* [WORK TASK]
What you return should be the full listing, word for word, without a single image.

* [DATA BLOCK]
◇ ◇ ◇

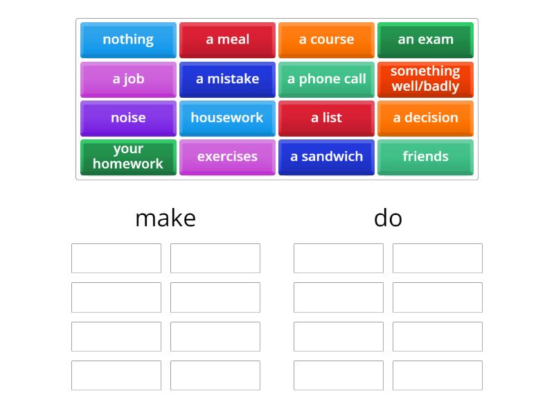 make: noise, a decision, a list, a mistake, a sandwich, a phone call, friends, a meal, do: exercises, something well/badly, your homework, a course, nothing, an exam, a job, housework,
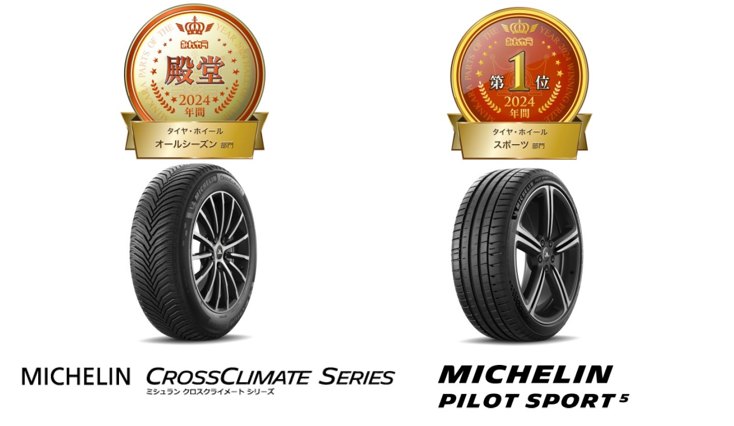 殿堂入りとなった製品は、昨年に引き続きタイヤ(オールシーズンタイヤ)部門の「MICHELIN CROSSCLIMATE(ミシュラン クロスクライメート)」シリーズとなります。また年間大賞1位にも、昨年に引き続きタイヤ(スポーツタイヤ)部門の「MICHELIN PILOT SPORT 5(ミシュラン パイロット スポーツ ファイブ)」が受賞しています。
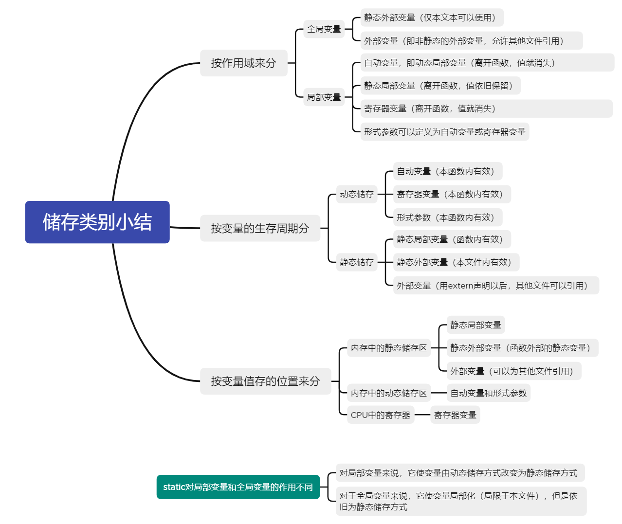 对于全局变量来说,它使变量局部化(局限于本文件),但是依旧为静态储存方式

◇ ◇ ◇

* [SOLUTION FOR THIS PROBLEM]
 make: noise, a decision, a list, a mistake, a sandwich, a phone call, friends, a meal, do: exercises, something well/badly, your homework, a course, nothing, an exam, a job, housework,
 殿堂入りとなった製品は、昨年に引き続きタイヤ(オールシーズンタイヤ)部門の「MICHELIN CROSSCLIMATE(ミシュラン クロスクライメート)」シリーズとなります。また年間大賞1位にも、昨年に引き続きタイヤ(スポーツタイヤ)部門の「MICHELIN PILOT SPORT 5(ミシュラン パイロット スポーツ ファイブ)」が受賞しています。
 对于全局变量来说,它使变量局部化(局限于本文件),但是依旧为静态储存方式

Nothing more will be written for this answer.